Klimaat in het algemeen en mobiliteit in het bijzonder zijn beleidsdomeinen waarin onze verschillende overheden, van lokaal tot Vlaams tot federaal, het Mattheüs-effect ten volle laten spelen. Bonussen voor elektrische wagens, vergroening van het bedrijfswagenpark, isolatie van woningen... . Miljarden (!) euro's gaan naar burgers die zulke groene investeringen perfect zelf zouden kunnen ophoesten. Voor wie in vervoersarmoede leeft, blijven kruimels over. De Lijn heeft zich onder de vorige minister van Mobiliteit zodanig moeten afslanken dat we een openbaar vervoer hebben dat in alles de bodem heeft bereikt, van klantentevredenheid tot stiptheid tot het aantal afgeschafte ritten. De komende jaren is De Lijn een stijging van het werkingsbudget toegezegd waarmee het niet eens de levensduurte in ons land kan bijhouden.

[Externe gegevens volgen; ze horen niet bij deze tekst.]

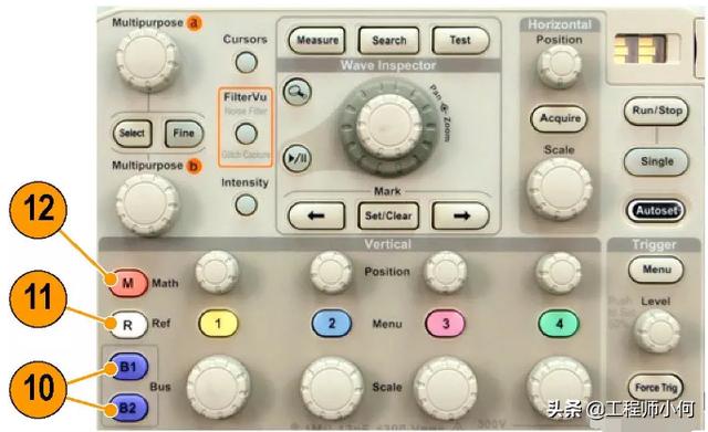 12.M。按此按钮可以管理数学波形,包括显示数据波形或删除所显示的数据波形。

De sociale impact van lage-emissiezones is verzekerd: die zal negatief zijn
Voor wie geen wagen heeft of er voor kiest geen te hebben, blijven er met andere woorden maar heel weinig opties over om op het werk te geraken, om overheidsdiensten te bereiken, om de eigen vereniging of familie en vrienden te bezoeken. Het klimaatbeleid dreigt op die manier bestaande Mattheüs-effecten nog te versterken. De ecologische voetafdruk van mensen in armoede ligt eerder onder het gemiddelde. Ze besparen (noodgedwongen) waar ze maar kunnen: op water, elektriciteit, verwarming. En, ja, ook op hun oude dieselwagen als ze zich die nog net kunnen veroorloven. Maar vaak is dat de enige manier om zich te verplaatsen naar het werk, een opleiding of richting een sociaal netwerk.

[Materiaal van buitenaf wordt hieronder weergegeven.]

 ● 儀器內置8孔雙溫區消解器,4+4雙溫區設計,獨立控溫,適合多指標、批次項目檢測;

De lage-emissiezone houdt deze mensen letterlijk buiten de stedelijke centra, waar net wel nog jobs, diensten en netwerken zijn. Vraag maar aan de mensen die zich noodgedwongen gevestigd hebben in een plattelandsgemeente, waar de huurprijzen nog wel betaalbaar zijn. Of mensen die in een sociale woonwijk terecht komen waar geen winkels, of diensten zijn en nauwelijks openbaar vervoer aanwezig is. Hoewel hun ecologische voetafdruk lager is dan gemiddeld, krijgen ze toch de rekening gepresenteerd van een klimaatbeleid dat blind blijft voor de sociale gevolgen.
Klimaat is bij uitstek een uitdaging die op een integrale en gecoördineerde manier aangepakt moet worden en dan ze een positieve sociale impact kan hebben. Een overheid die mobiliteitsarmoede bestrijdt en investeert in openbaar vervoer, met een wijd vertakt betaalbaar aanbod, die heeft recht van spreken en zal ook een draagvlak vinden voor een doorgedreven klimaatbeleid. Zo'n beleid moet mensen de mogelijkheid bieden om ecologische keuzes te maken. Vandaag hebben mensen in armoede geen enkele keuze.

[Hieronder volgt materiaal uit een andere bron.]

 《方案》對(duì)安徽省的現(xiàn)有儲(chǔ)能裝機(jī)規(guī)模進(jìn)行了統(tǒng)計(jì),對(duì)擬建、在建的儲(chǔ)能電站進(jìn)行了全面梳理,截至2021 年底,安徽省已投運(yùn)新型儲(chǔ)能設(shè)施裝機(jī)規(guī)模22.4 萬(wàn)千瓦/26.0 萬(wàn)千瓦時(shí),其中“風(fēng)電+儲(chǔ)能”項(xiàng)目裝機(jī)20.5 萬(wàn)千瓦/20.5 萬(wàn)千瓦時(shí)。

Helaas is er in België van een gecoördineerd klimaatbeleid nauwelijks sprake. Iedereen doet maar wat. Steden voeren lage-emissiezones in, terwijl Vlaanderen zwaar snoeit in het alternatief dat het openbaar vervoer zou moeten bieden. Zo zullen we nooit verder komen dan symboolbeleid, zowel inzake klimaat als op sociaal vlak.